[Opening AVAILABLE DATA section]
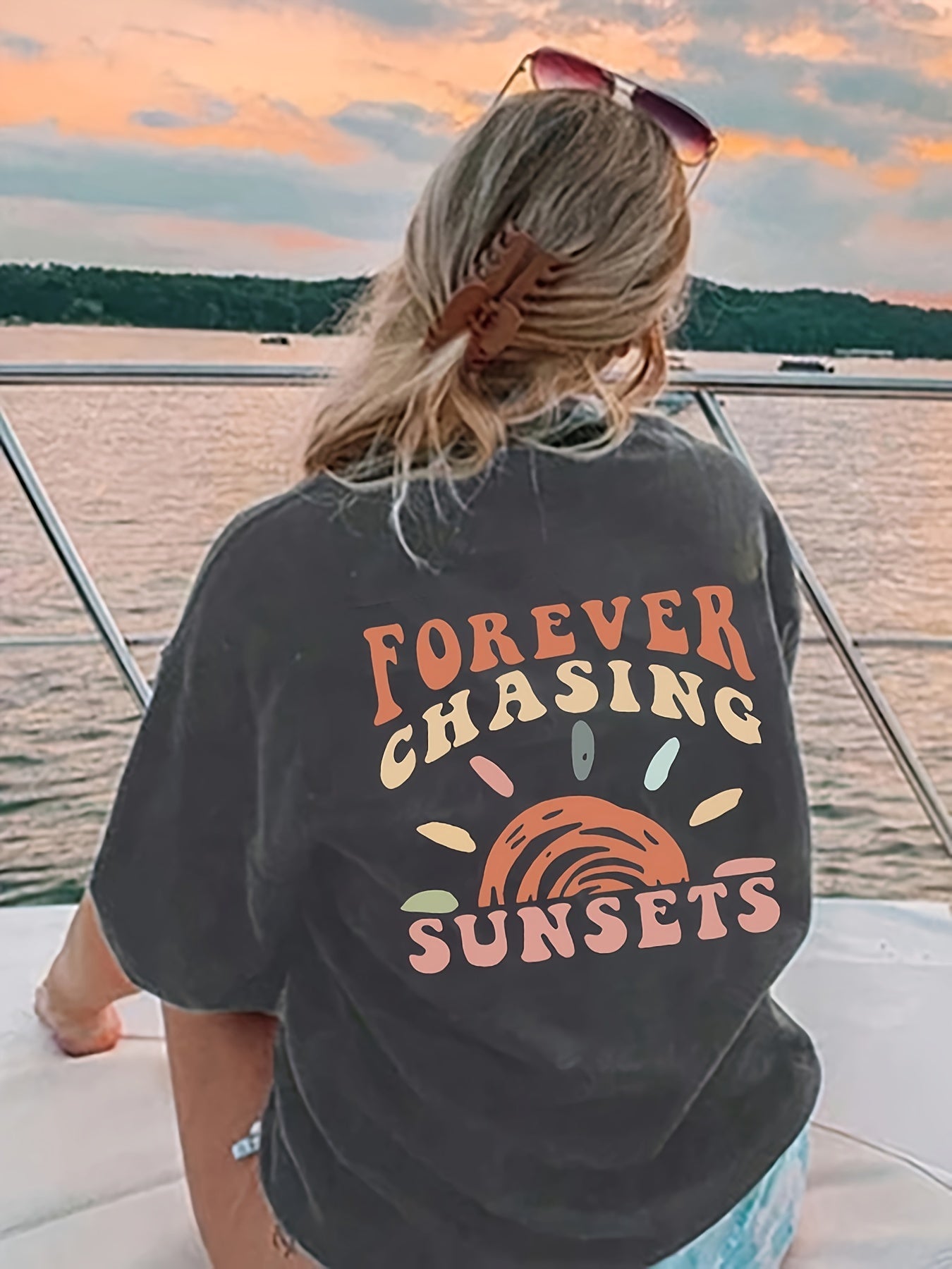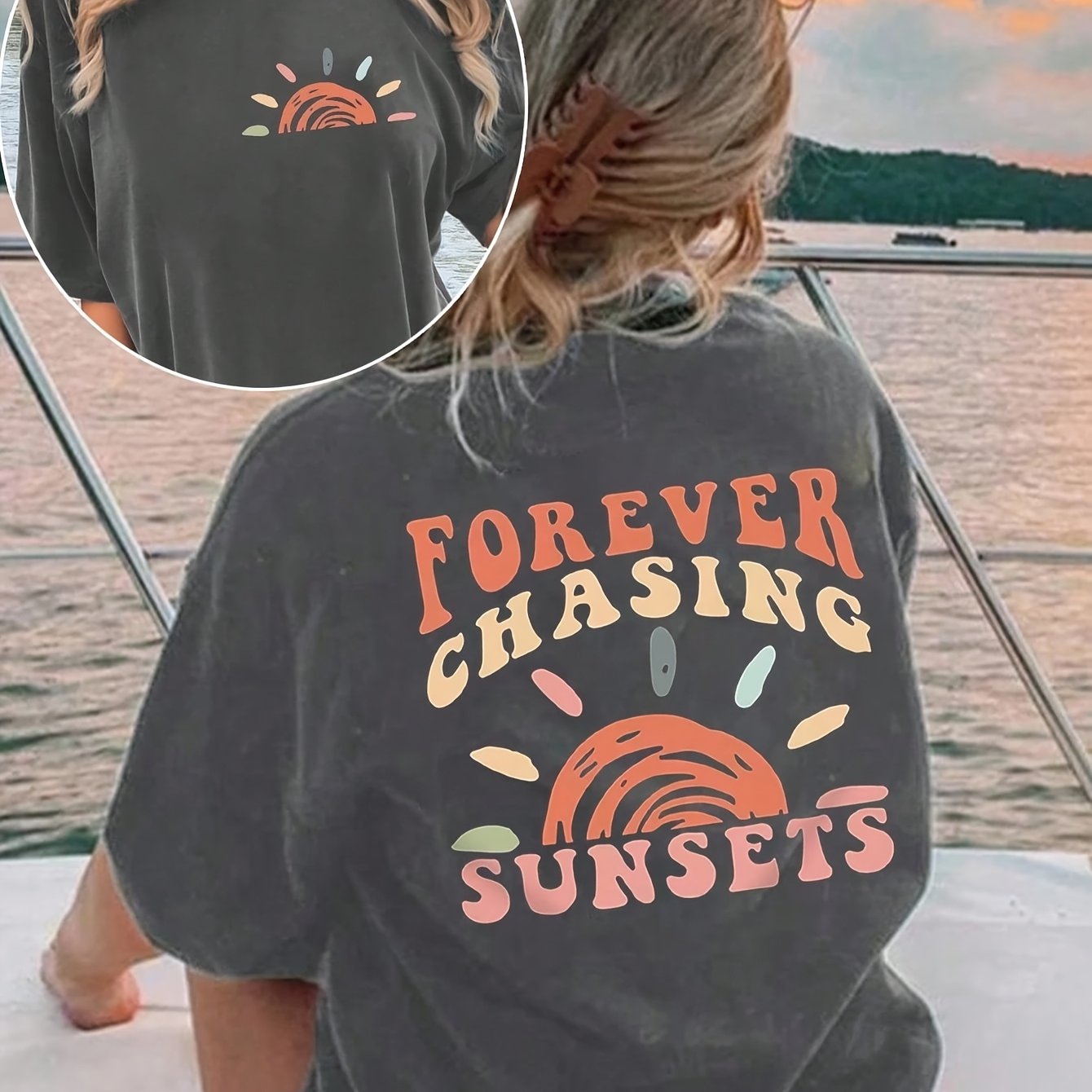 Ta lekka koszulka inspirowana zachodami słońca otula skórę miękkim i oddychającym materiałem. Jej swobodny krój sprawia, że idealnie pasuje zarówno na spacer po plaży, jak i do codziennych stylizacji. Nadruk z palmami wprowadza wakacyjny nastrój i poprawia humor przy każdym założeniu.
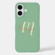 Funda iPhone 16 Sencillo, elegante, verde pálido, nombre e inicial
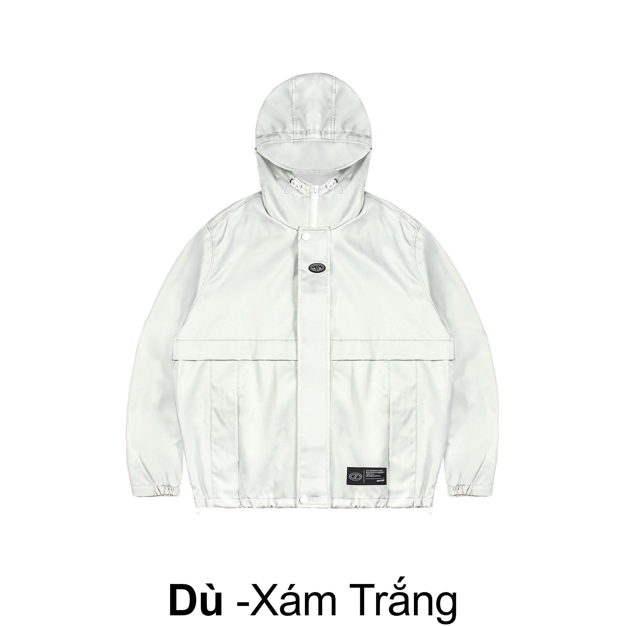 Cổ áo & mũ trùm: Cổ đứng nối liền với mũ trùm đầu có dây rút điều chỉnh ba điểm — che chắn linh hoạt trước nắng, gió hay mưa nhẹ.
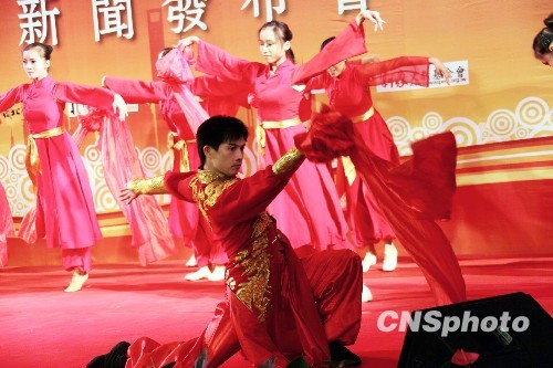 10月15日,台北上海文化周正式启幕,掀起两岸文化交流新高潮。图为上海著名舞蹈家黄豆豆(前)等在开幕记者会上表演舞蹈《龙腾虎跃》。即日起,上海昆剧团的经典折子戏及全本大戏、上海世博会图片展等文化活动将陆续登陆台北,通过表演艺术、视觉艺术、电影电视等不同角度,加深台北市民对上海的认识。此番“上海文化周”出动了上海文化界精英170多人,是两岸开放文化交流以来,上海在台湾举办的规模最大的一次综合性文化交流系列活动。四大门类的15场表演艺术演出,为期4周的各项展览等活动,号称海派文化特色鲜明的秋季艺文盛宴。中新社发 黄少华 摄
[Closing AVAILABLE DATA section]
PROBLEM DETAILS
With pictures excluded, the data must be transcribed in full and to the letter.

YOUR SOLUTION
 Ta lekka koszulka inspirowana zachodami słońca otula skórę miękkim i oddychającym materiałem. Jej swobodny krój sprawia, że idealnie pasuje zarówno na spacer po plaży, jak i do codziennych stylizacji. Nadruk z palmami wprowadza wakacyjny nastrój i poprawia humor przy każdym założeniu.
 Funda iPhone 16 Sencillo, elegante, verde pálido, nombre e inicial
 Cổ áo & mũ trùm: Cổ đứng nối liền với mũ trùm đầu có dây rút điều chỉnh ba điểm — che chắn linh hoạt trước nắng, gió hay mưa nhẹ.
 10月15日,台北上海文化周正式启幕,掀起两岸文化交流新高潮。图为上海著名舞蹈家黄豆豆(前)等在开幕记者会上表演舞蹈《龙腾虎跃》。即日起,上海昆剧团的经典折子戏及全本大戏、上海世博会图片展等文化活动将陆续登陆台北,通过表演艺术、视觉艺术、电影电视等不同角度,加深台北市民对上海的认识。此番“上海文化周”出动了上海文化界精英170多人,是两岸开放文化交流以来,上海在台湾举办的规模最大的一次综合性文化交流系列活动。四大门类的15场表演艺术演出,为期4周的各项展览等活动,号称海派文化特色鲜明的秋季艺文盛宴。中新社发 黄少华 摄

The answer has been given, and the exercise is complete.